Implement this directly if you don't want the BaseMonitor lifecycle scaffolding.

IMetricFactory — metric creation

interface IMetricFactory {
  counter(opts: ICounterOpts): ICounter;
  gauge(opts: IGaugeOpts): IGauge;
  histogram(opts: IHistogramOpts): IHistogram;
}

Available through ctx.metrics inside onRegister. Never import prom-client directly in your monitors — use this factory so the backend remains swappable.


Built-in monitors

Monitor Factory Tier Peer dep Key metrics
ProcessMonitor processMonitor() tier1 nodejs_heap_space_used_bytes, nodejs_rss_bytes, nodejs_heap_used_vs_total_ratio, nodejs_gc_runs_total, nodejs_gc_pause_seconds, nodejs_event_loop_lag_seconds, nodejs_event_loop_utilization_ratio, nodejs_active_handles
EventLoopMonitor eventLoopMonitor() tier2 nodejs_eventloop_time_share_ratio, nodejs_eventloop_time_seconds_total, nodejs_async_resource_active, nodejs_async_resource_created_total
HttpQueueMonitor httpQueueMonitor({ app }) tier1 express http_request_queue_depth, http_request_queue_seconds, http_active_requests
MongoMonitor mongoMonitor({ mongoose }) tier2 mongoose mongodb_op_seconds, mongodb_op_errors_total
KafkaMonitor kafkaMonitor({ consumer }) tier1 kafkajs kafka_consumer_lag, kafka_consumer_batch_size, kafka_consumer_batch_seconds, kafka_consumer_messages_total, kafka_consumer_errors_total
ExternalCallMonitor externalCallMonitor({ axios }) tier2 axios external_http_seconds, external_http_total, external_http_errors_total
LoggerMonitor loggerMonitor({ provider }) tier1 logger_queue_depth, logger_dropped_total, logger_enqueue_rate*

*logger_enqueue_rate is only emitted when the provider implements getEnqueueRate().

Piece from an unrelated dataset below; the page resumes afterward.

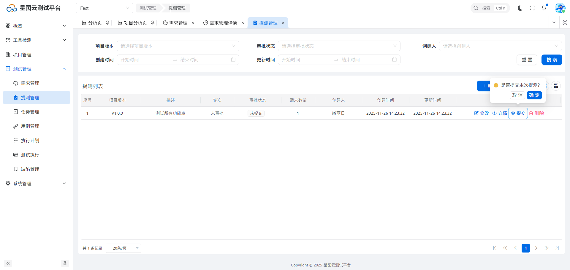 提交提测单:在提测单列表中,点击未提交状态的提测单对应的【提交】按钮,弹出二次确认窗口,点击【确定】按钮,提测单提交成功,如下图所示: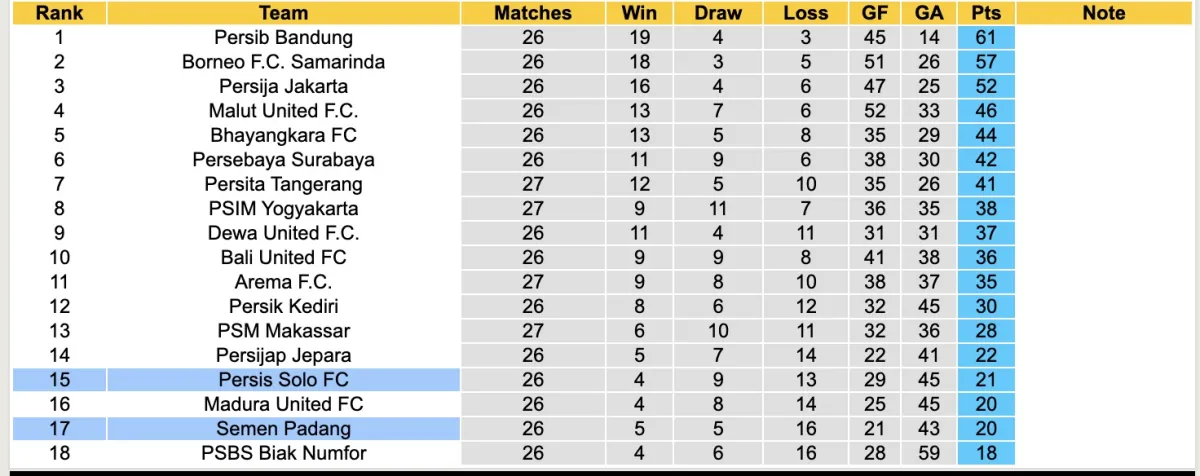 Ở phía bên kia chiến tuyến, Persis Solo cũng đang khiến cho người hâm mộ cảm thấy lo lắng khi chỉ có được 4 chiến thắng và 13 thất bại sau 26 trận mùa này. Hiện tại, đội bóng này đứng thứ 15 trên bảng xếp hạng, chỉ hơn nhóm xuống hạng 1 điểm.

For the full metric catalog including label names, types, and bucket definitions, see [docs/metrics.md](docs/metrics.md).


Tiered monitoring

deepscope uses a two-tier model so you can keep production overhead low and escalate instrumentation depth only when needed.

Tier 1 — always-on

Tier 1 monitors run continuously. They are designed to be cheap: polling intervals are coarse, they use perf_hooks and process.memoryUsage() rather than async hooks, and they do not intercept every operation. These are the metrics you leave on in production at all times.

Tier 2 — togglable

Tier 2 monitors add per-operation granularity: Mongoose per-collection query timing, Axios per-host call latency, and async_hooks-based event-loop attribution by subsystem. These have higher overhead and are intended to be enabled on-demand — either when an incident is in progress, or in non-production environments.

Switching tiers

// At construction time (default is 'tier1')
const scope = new Deepscope({ registry, serviceName: 'svc', tier: 'tier2' }).use(...).start();

// At runtime — programmatic
scope.setTier('tier2');  // enables tier2 monitors
scope.setTier('tier1');  // stops tier2 monitors

// At runtime — via debug endpoint (see below)
// POST http://127.0.0.1:9091/tier?value=tier2

Tier transitions are safe to call while the process is under load. Tier 2 monitors are stopped cleanly (listeners detached) when you downgrade back to tier 1.


Debug endpoint

The debug endpoint is off by default. Enable it explicitly:

scope.enableDebugEndpoint({ port: 9091 });           // binds to 127.0.0.1 by default
scope.enableDebugEndpoint({ port: 9091, host: '0.0.0.0' }); // explicit external bind

The endpoint runs in a worker thread so it remains responsive even when the main thread is under load — which is exactly the scenario where you need it most.

Routes

Method Path Description
GET /healthz Returns ok. Use to confirm the worker is alive.
GET /heap Triggers a V8 heap snapshot on the main thread and streams the .heapsnapshot file as a download. Allow up to 2 minutes.
POST /cpu?ms=<duration> Runs a CPU profile for ms milliseconds (default 10 000) and returns the .cpuprofile JSON as a download.
POST /tier?value=<tier> Sets the active tier. value must be tier1 or tier2.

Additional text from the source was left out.